▶ **WHAT THE TASK ASKS**: Retype the data that follows exactly. No pictures belong in the copy.

▶ **DATA BLOCK**:
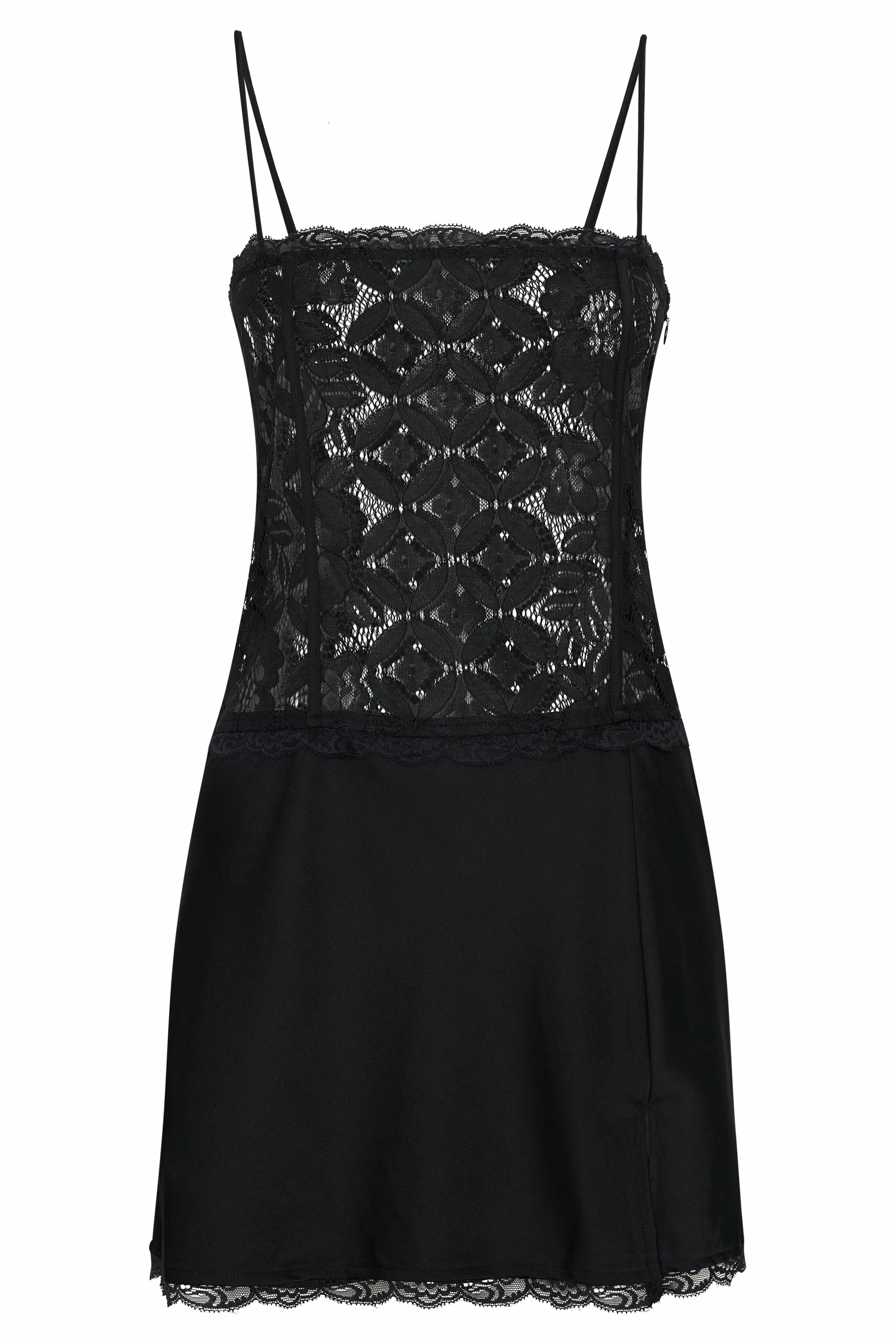 - Lace-trimmed hem
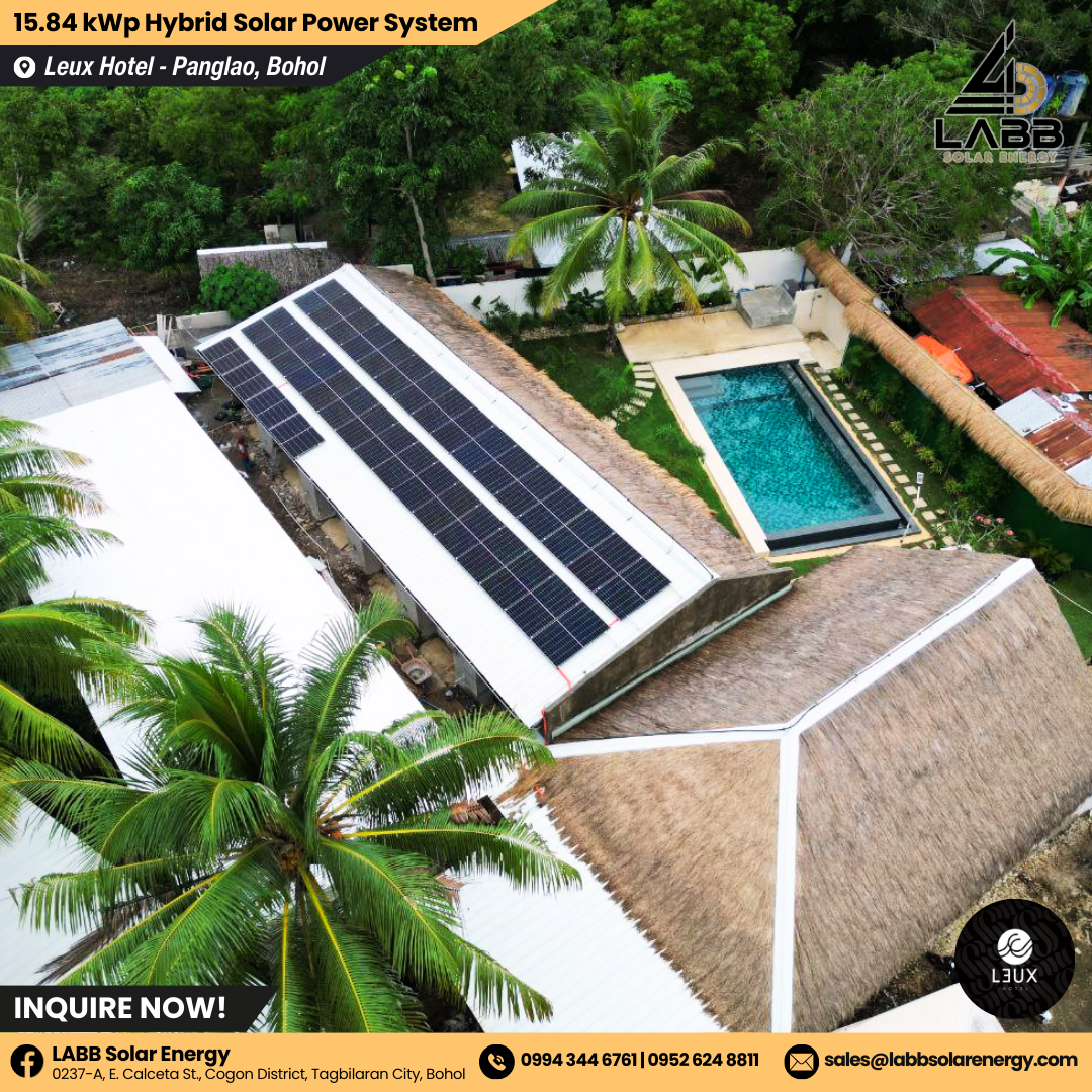 15.84 kWp Hybrid Solar Power System SetupLeux Hotel | Panglao, Bohol View fullsize View fullsize View fullsize View fullsize View fullsize View fullsize
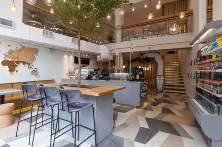 В дизайне кофейни, выдержанном в стиле скандинавского эко-минимализма, широко использованы натуральные материалы: дерево и камень. Внутри кофейни растет большое живое дерево, а у входа планируется установить эко-скамейку, изготовленную из переработанных пачек кофе.
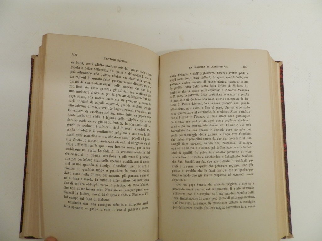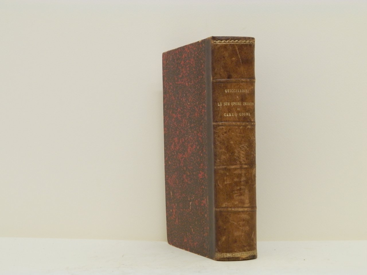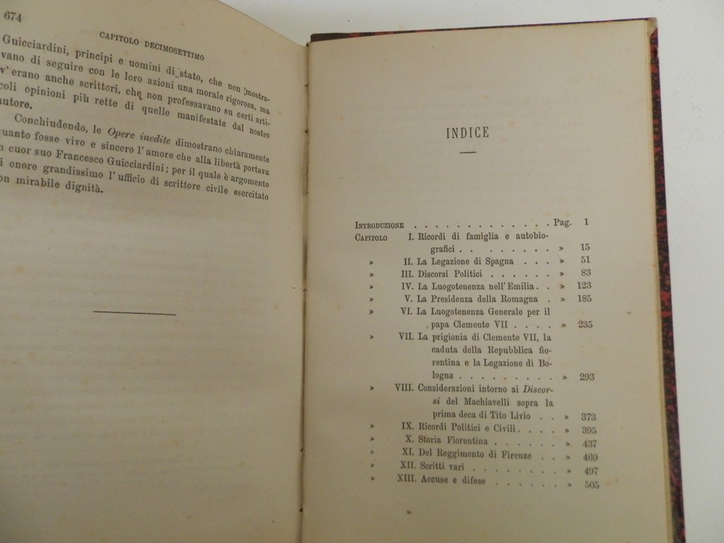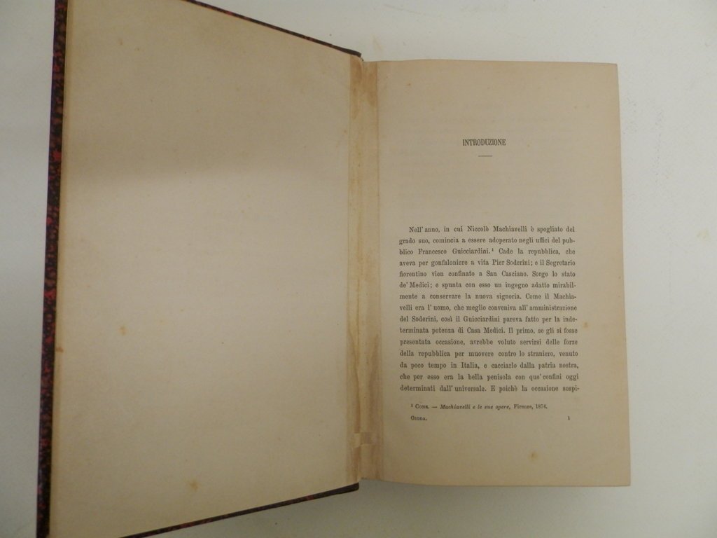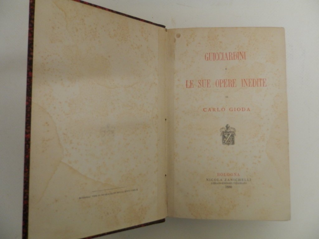 4°, mm 220x150, pp. (6) 676, leg. coeva in mz. pell dorso a quattro nervi con fregi e tit. in oro, occhietto, front. a due colori e dedica. Introduzione, testo e indice. All'ultima pagina: “Edizione di soli trecento esemplari”. Ottima conservazione. Carlo Gioda (1836 - 1903), storico di chiara fama, dedicò gran parte della sua attività scientifica ai pensatori politici del Cinquecento italiano. Indice dei capitoli: I Ricordi di famiglia e autobiografia - II La Legazione di Spagna – III Discorsi Politici - IV La Luogotenenza nell'Emilia - V La Presidenza della Romagna - VI La luogotenenza generale per il papa Clemente - VII La prigionia di Clemente VII e la cadura della Repubblica fiorentina e la Legazione di Bologna - VIII Considerazioni intorno ai Discorsi del Machiavelli sopra la prima deca di Tito Livio - IX Ricordi Politici e Civili - X Storia Fiorentina - XI Del Reggimento di Firenze - XII Scritti vari - XIII Accuse e difese XIV Guicciardini e i casi di Firenze - XV Guicciardini e la terza ristorazione Medicea - XVI Guicciardini a Napoli - XVII Guicciardini e il signor Cosimo.. *** TUTTI I NOSTRI LIBRI SONO VISIBILI PREVIO CONTATTO MAIL O TELEFONO NELLA NUOVA SEDE DI MILANO: LIBRERIA COSMOPOLIS, VIA JOMMELLI, 22. ***

▶ **RESULT FOR THIS EXERCISE**:
 - Lace-trimmed hem
 15.84 kWp Hybrid Solar Power System SetupLeux Hotel | Panglao, Bohol View fullsize View fullsize View fullsize View fullsize View fullsize View fullsize
 В дизайне кофейни, выдержанном в стиле скандинавского эко-минимализма, широко использованы натуральные материалы: дерево и камень. Внутри кофейни растет большое живое дерево, а у входа планируется установить эко-скамейку, изготовленную из переработанных пачек кофе.
 4°, mm 220x150, pp. (6) 676, leg. coeva in mz. pell dorso a quattro nervi con fregi e tit. in oro, occhietto, front. a due colori e dedica. Introduzione, testo e indice. All'ultima pagina: “Edizione di soli trecento esemplari”. Ottima conservazione. Carlo Gioda (1836 - 1903), storico di chiara fama, dedicò gran parte della sua attività scientifica ai pensatori politici del Cinquecento italiano. Indice dei capitoli: I Ricordi di famiglia e autobiografia - II La Legazione di Spagna – III Discorsi Politici - IV La Luogotenenza nell'Emilia - V La Presidenza della Romagna - VI La luogotenenza generale per il papa Clemente - VII La prigionia di Clemente VII e la cadura della Repubblica fiorentina e la Legazione di Bologna - VIII Considerazioni intorno ai Discorsi del Machiavelli sopra la prima deca di Tito Livio - IX Ricordi Politici e Civili - X Storia Fiorentina - XI Del Reggimento di Firenze - XII Scritti vari - XIII Accuse e difese XIV Guicciardini e i casi di Firenze - XV Guicciardini e la terza ristorazione Medicea - XVI Guicciardini a Napoli - XVII Guicciardini e il signor Cosimo.. *** TUTTI I NOSTRI LIBRI SONO VISIBILI PREVIO CONTATTO MAIL O TELEFONO NELLA NUOVA SEDE DI MILANO: LIBRERIA COSMOPOLIS, VIA JOMMELLI, 22. ***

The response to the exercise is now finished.